Мать. Дело Артамоновых - страница 191

На третий день, рано утром, приехали монахи; их было семеро, все разного роста и объема, они показались Якову неразличимыми, как новорожденные. Лишь один из них, самый высокий, тощий, с густейшей бородою и не подобающим ни монаху, ни случаю громким, веселым голосом, тот, который шел впереди всех с большим, черным крестом в руках, как будто не имел лица: был он лысый, нос его расплылся по щекам, и, кроме двух черненьких ямок между лысиной и бородой, у него на месте лица ничего не значилось. Шагая, он так медленно поднимал ноги, точно был слеп; он пел на три голоса:

— «Святый боже», — низко, почти басом;

«Святый крепкий», — выше, тенористо, а —

— «Святый бессмертный, помилуй нас!» — так пронзительно, что мальчишки, забегая вперед, с удивлением смотрели в бороду его, вместилище невидимого трехголосого рта.

Когда похороны вышли из улицы на площадь, оказалось, что она тесно забита обывателями, запасными, солдатами поручика Маврина, малочисленным начальством и духовенством в центре толпы.
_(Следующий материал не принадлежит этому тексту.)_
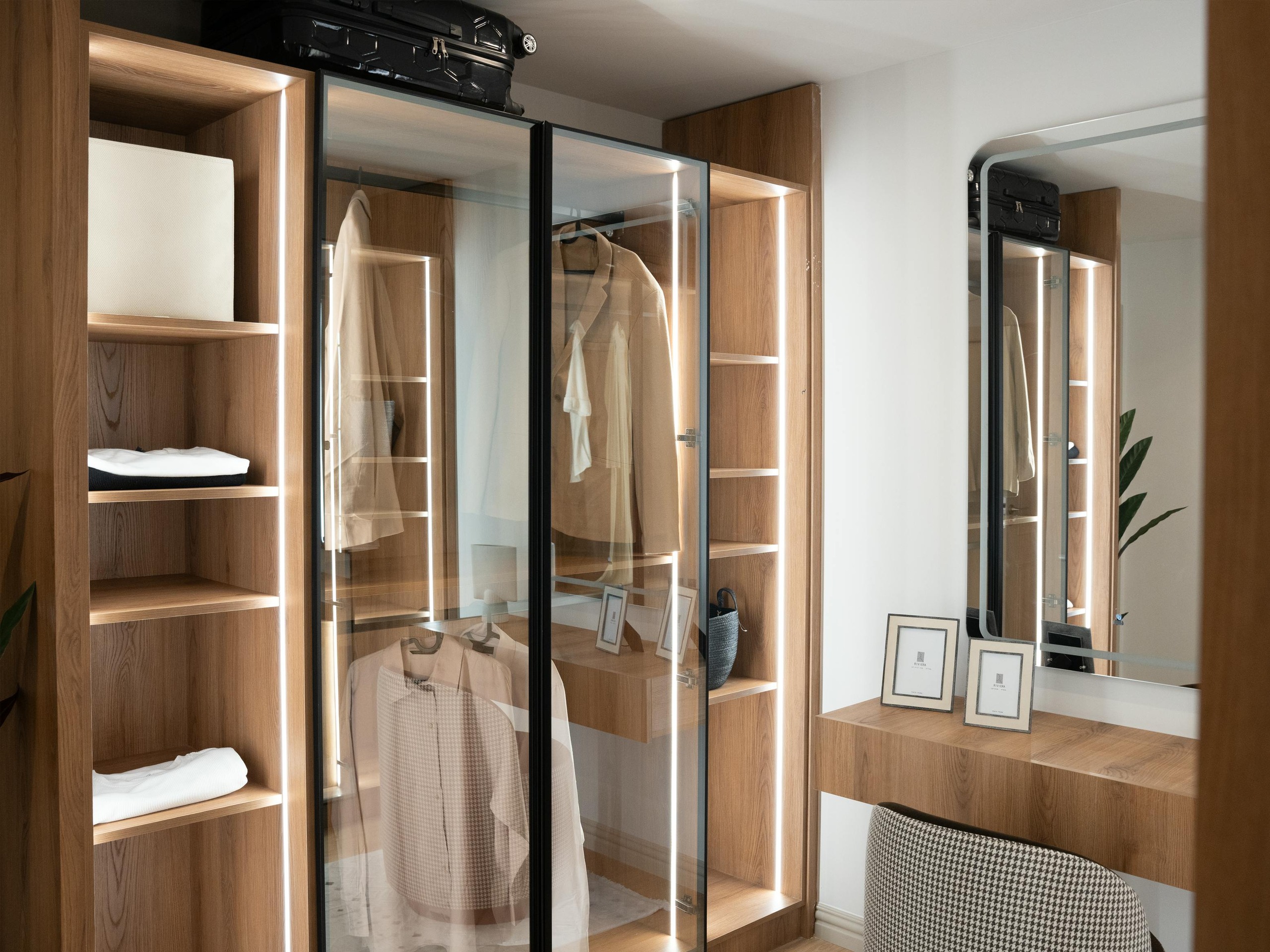Custom-designed walk-in spaces that combine organised storage with balanced layouts and refined finishes.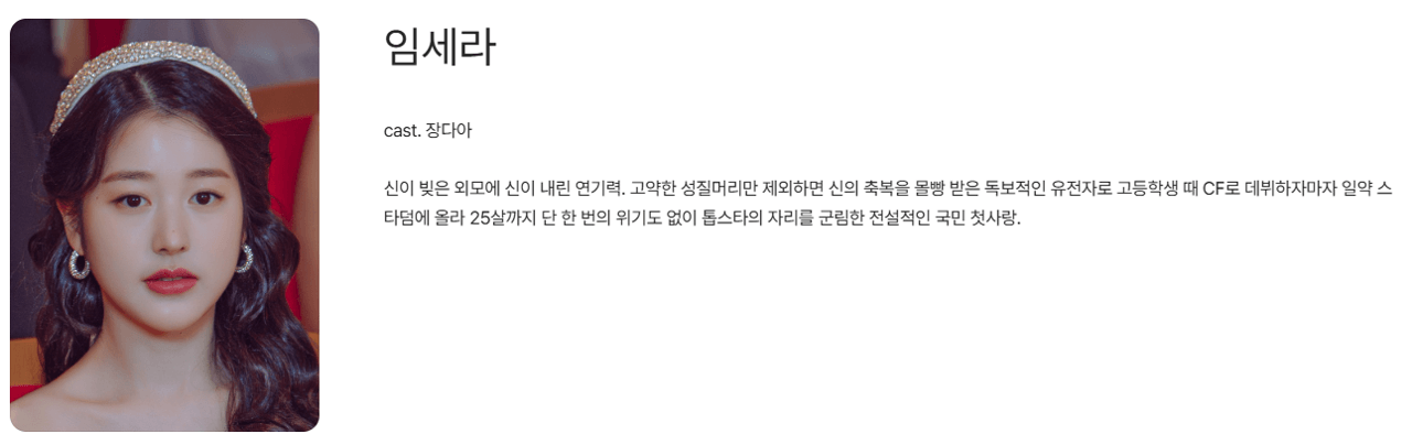 | 장다아 | 임세라 | 1999년 대한민국을 사로잡았던 '국민 여신' 톱스타. 주변의 견제와 시련에 시달립니다. |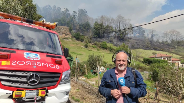 El fuerte viento ahogaba las palabras de nuestro compañero y hacía angustiosa esa conexión. Ese viento impide que los fuegos que arrasan, desde ayer, muchas zonas del Principado se puedan controlar por los bomberos y los brigadistas de la Unidad Militar de Emergencias que se han trasladado desde León hasta Oviedo.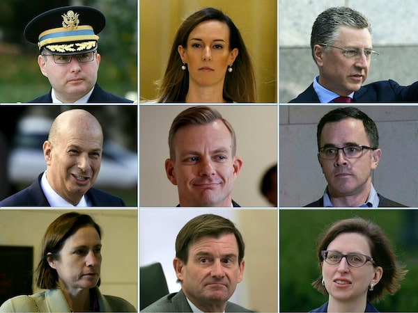 Some of the key figures in the impeachment proceedings so far. Top row: Alexander Vindman, National Security Council director for European Affairs; Jennifer Williams, aide to U.S. Vice-President Mike Pence; Kurt Volker, U.S. ambassador to NATO and U.S. special envoy for Ukraine. Middle row: Gordon Sondland, U.S. Ambassador to the European Union; David Holmes, a State Department official; Tim Morrison, top Russia and Europe adviser on the National Security Council Tim Morrison. Bottom row: Fiona Hill, former deputy assistant to the President; David Hale, U.S. under-secretary of state for political affairs David Hale; and Laura Cooper, deputy assistant secretary of Defense for Russia, Ukraine, and Eurasia.MANDEL NGAN/AFP/Getty Images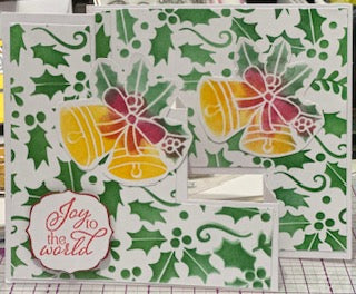 A stair stepper card opens to reveal gold bells on a backdrop of holly and berries. Sentiment reads: Joy to the World. Handmade.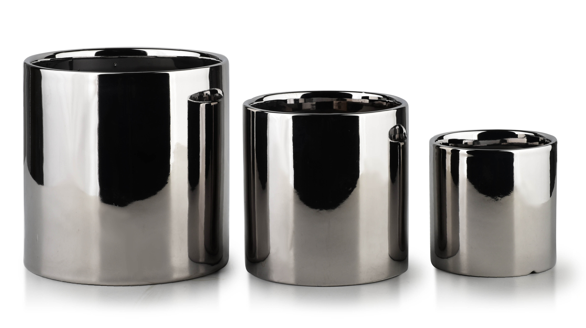 Komplet 3 ceramicznych osłonek z kolekcji NEVA SILVER. Komplet trzech osłonek reprezentujących markę MONDEX since 1986. Osłonki w średnim rozmiarze, wykonane z ceramiki w kolorze srebrnym. Pięknie będą się prezentować zarówno we wnętrzu, jak i na zewnątrz z zaznaczeniem...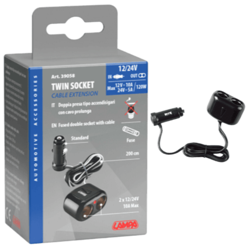 DOUBLE PRISE ALLUME CIGARE 12/24V AVEC RALLONGE

Хладнокровный поручик парадно, монументом стоял впереди своих солдат, его освещало солнце; конусообразные попы и дьякона стояли тоже золотыми истуканами, они таяли, плавились на солнце, сияние риз тоже падало на поручика Маврина; впереди аналоя подпрыгивал, размахивая фуражкой, толстый офицер с жестяной головою.

Трехголосый монах, покачивая черным крестом, остановился пред стеною людей и басом сказал:

— Расступитесь!

Но люди расступились не пред ним, а пред рыжей, длинной лошадью Экке, помощника исправника, — взмахивая белой перчаткой, он наехал на монаха, поставил лошадь поперек улицы и закричал упрекающе, обиженно:

— К-куда? Что вы, не видите? Назад!

Монах, подняв крест, затянул:

— Святый бо-о…

— Ур-ра! — крикнул офицер, и весь народ на площади тысячами голосов разъяренно рявкнул:

— Ур-рра-а…

А Экке, привстав на стременах, тоже кричал:

— Петр Ильич, пож-жалуйста, переулочком! В обход! Мирон Алексеевич — прошу вас! Тут — воодушевление, а вы, — как же это?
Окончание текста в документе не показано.